“Our customers can count on us for both legacy solutions and future-ready energy projects.”
National Electrical
Equipments Corporation (NEEC) was founded with a clear mission: to strengthen
the power distribution ecosystem. From the very beginning, the company has
specialized in manufacturing and exporting power and distribution transformers,
serving both domestic and global markets. With electricity being the backbone
of economic and social growth, NEEC has consistently focused on delivering
innovative, energy-efficient solutions that meet the evolving needs of the
power sector. In this exclusive interaction with The Masthead, Saurabh Patawari, Managing Partner – NEEC, shares insights on the company’s journey, its current landscape, and the
challenges shaping the future.
How is NEEC ensuring a balanced growth across its three business
verticals, trading, manufacturing, and turnkey solar services, in the current
market landscape?
Our
focus is on making each vertical reinforce the other rather than compete for
attention. Manufacturing remains the backbone, because transformers are still
central to India’s energy infrastructure. Trading supports this by giving us
agility to source and supply complementary equipment without delay.
Solar
EPC, the newest vertical, aligns us with where the market is headed, toward
sustainability and distributed energy solutions. By treating these as
interconnected rather than standalone silos, we ensure steady revenues from our
traditional base while channeling resources into emerging opportunities like
solar. The outcome is not just balanced growth, but resilience. Our customers
can count on us for both legacy solutions and future-ready energy projects.
What are the key challenges you encounter in scaling up solar EPC
projects?
In
solar EPC, scale often exposes where the bottlenecks truly lie. The challenge
is not demand, it’s precision at speed. Every solar project comes with a
different technical profile, and that means standardization has limits. When
volumes increase, the risk is that customization slows the line or corners are
cut.
Neither
is acceptable in a safety-critical solution. Add to that the unpredictability
of component supply chains, especially for breakers and protective devices that
are globally sourced, and the execution rhythm can easily be disrupted.
Our
way forward has been to design more modular system architectures, invest in
better inventory planning, and tighten the feedback loop from field engineers
to our execution teams. That way, scaling up doesn’t dilute reliability, which
for us is the non-negotiable measure of success.

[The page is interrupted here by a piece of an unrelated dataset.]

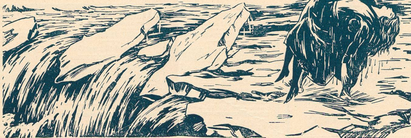
Way down East ! A travers l'orage ! Le merveilleux film de Griffith !... au Cinéma du Bourg.

Or, ce qu'il y aura de plus extraordinaire en cette aventure, c'est que tous les membres de cette famille qui étaient jadis le plus hostiles au cinéma vont tous y travailler assidûment et même y faire fortune, tandis qu'Angèle ne tournera pas une seule fois ! Mais elle aura tout de même de la chance puisqu'elle finit par épouser son fidèle fiancé, Lem Lefferts, devenu l'émule de William Hart, avec de brillants cachets !

In what ways are India’s rising renewable energy targets shaping
your turnkey solar plant projects?
India’s
renewable energy goals are no longer abstract policy; they are reshaping
project expectations on the ground. Developers and utilities want solar plants
that are not only cost-effective but also grid-resilient and compliant with
stricter technical standards.
For
us, this translates into greater emphasis on system reliability, protection
schemes, and seamless integration with distribution networks. The targets also
compress timelines, because projects are being rolled out faster to meet policy
milestones. Our turnkey approach has had to adapt by prioritizing modular
design, faster procurement cycles, and closer coordination with state
utilities. In essence, the targets are driving us to treat every solar EPC
project as part of a larger national grid strategy, not just an isolated
installation. That shift in perspective is what ensures our work remains
aligned with the country’s long-term renewable roadmap.
What initiatives has NEEC taken to embed sustainability and energy
efficiency into its product design and development process?
Sustainability
for us begins at the drawing board. Every transformer design is evaluated for
how it can lower energy losses over its lifetime, because efficiency at scale
has a far bigger environmental impact than a single innovation. This approach
has led us to refine core materials, optimize winding techniques, and adopt
insulation systems that reduce thermal stress, all of which extend service life
and reduce wastage.
The
same thinking guides our solar EPC designs, where modularity not only
simplifies installation but also minimizes resource use in execution. On the
factory side, energy audits and process improvements help us cut consumption
during manufacturing. These may seem like incremental steps, but together they
create products that consume less, last longer, and fit seamlessly into India’s
wider shift toward sustainable power infrastructure.